**Exercise description**:
A faithful copy of all the records is needed, with the pictures omitted.

**Data supplied**:
=-=-=

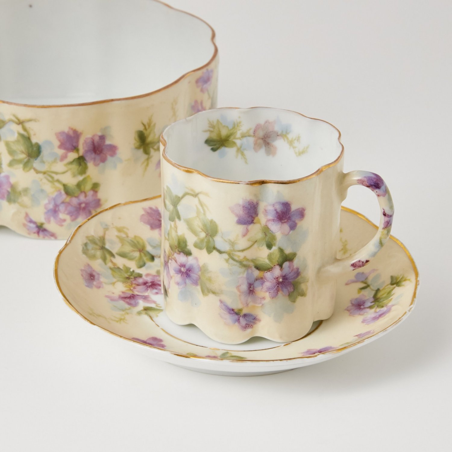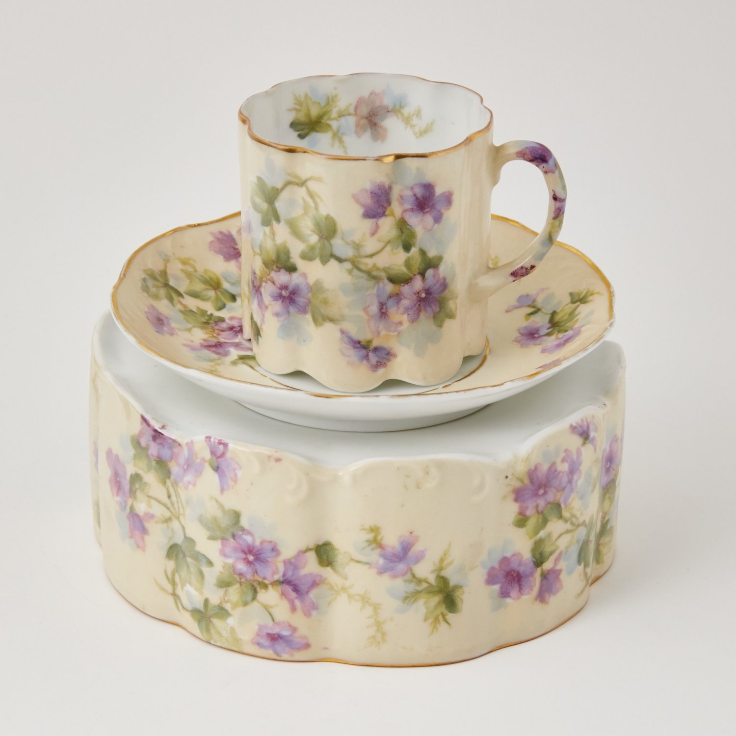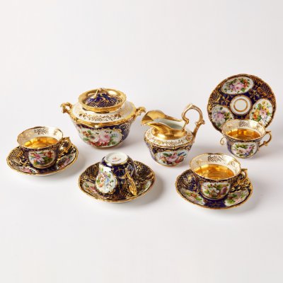 Страна: Императорская Россия; Возраст: 1861-1884; Размер: высота чашки 6 см, диаметр 9 см, объем 120 мл, диаметр блюдца 14,5 см, высота молочника 13 см, диаметр 10 см, высота сахарницы 13 см, диаметр 13,5 см.; Объем(мл): 120
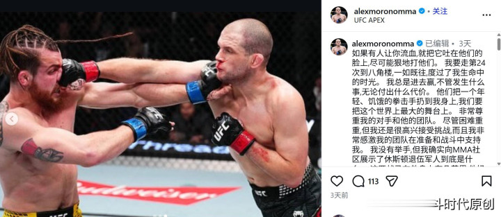大概早有猜想我方要被废弃,莫罗诺在赛后发了一条动情的Ins,字字王人是请求:“若是这是我终末一次踏上八角笼,我也会抬头离开。但在我心里,最完整的结局,是再打终末一场,手脚我的退役战。
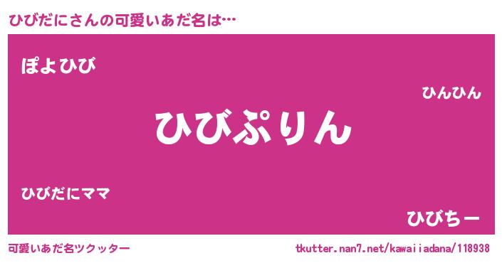 | ヒーロー風カッコイイあだ名 | 『仮面ヒビダー』『ウルトラひびだにマン』 |
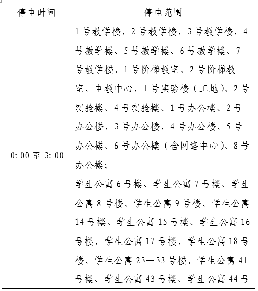 因学校35kV变电站供电切换,需要停电操作,将影响学校部分建筑供电。停电时间为2021年9月7日(星期二),分区域切换,停电时间及范围如下:
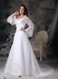Gorgeous A-line Square Wedding Dress Organza Appliques Court Train
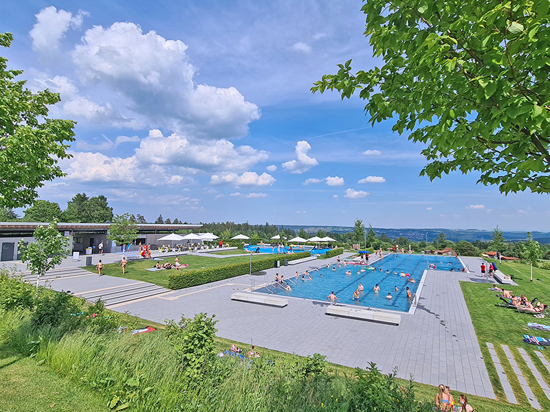 Im angeschlossenen Freibad mit einzigartigem Panorama erwartet die Badegäste in den Sommermonaten ein 50 m-Becken – in einer Kombination aus Schwimmer- und Nichtschwimmerbecken. Hinzu kommen ein eigenes Kinderplanschbecken und ein Kinderspielplatz sowie ein Kiosk. Die Rutschen des Sport & Freizeitbad können auch durch Freibadgäste genutzt werden. Das Freibad ist für alle Indoor-Gäste inklusive und mit den Innenbereichen verbunden – kann aber auch separat gebucht und über einen eigenen Eingang betreten werden.

=-=-=

**Response to this task**:
 Страна: Императорская Россия; Возраст: 1861-1884; Размер: высота чашки 6 см, диаметр 9 см, объем 120 мл, диаметр блюдца 14,5 см, высота молочника 13 см, диаметр 10 см, высота сахарницы 13 см, диаметр 13,5 см.; Объем(мл): 120
大概早有猜想我方要被废弃,莫罗诺在赛后发了一条动情的Ins,字字王人是请求:“若是这是我终末一次踏上八角笼,我也会抬头离开。但在我心里,最完整的结局,是再打终末一场,手脚我的退役战。
 | ヒーロー風カッコイイあだ名 | 『仮面ヒビダー』『ウルトラひびだにマン』 |
 因学校35kV变电站供电切换,需要停电操作,将影响学校部分建筑供电。停电时间为2021年9月7日(星期二),分区域切换,停电时间及范围如下:
Gorgeous A-line Square Wedding Dress Organza Appliques Court Train
 Im angeschlossenen Freibad mit einzigartigem Panorama erwartet die Badegäste in den Sommermonaten ein 50 m-Becken – in einer Kombination aus Schwimmer- und Nichtschwimmerbecken. Hinzu kommen ein eigenes Kinderplanschbecken und ein Kinderspielplatz sowie ein Kiosk. Die Rutschen des Sport & Freizeitbad können auch durch Freibadgäste genutzt werden. Das Freibad ist für alle Indoor-Gäste inklusive und mit den Innenbereichen verbunden – kann aber auch separat gebucht und über einen eigenen Eingang betreten werden.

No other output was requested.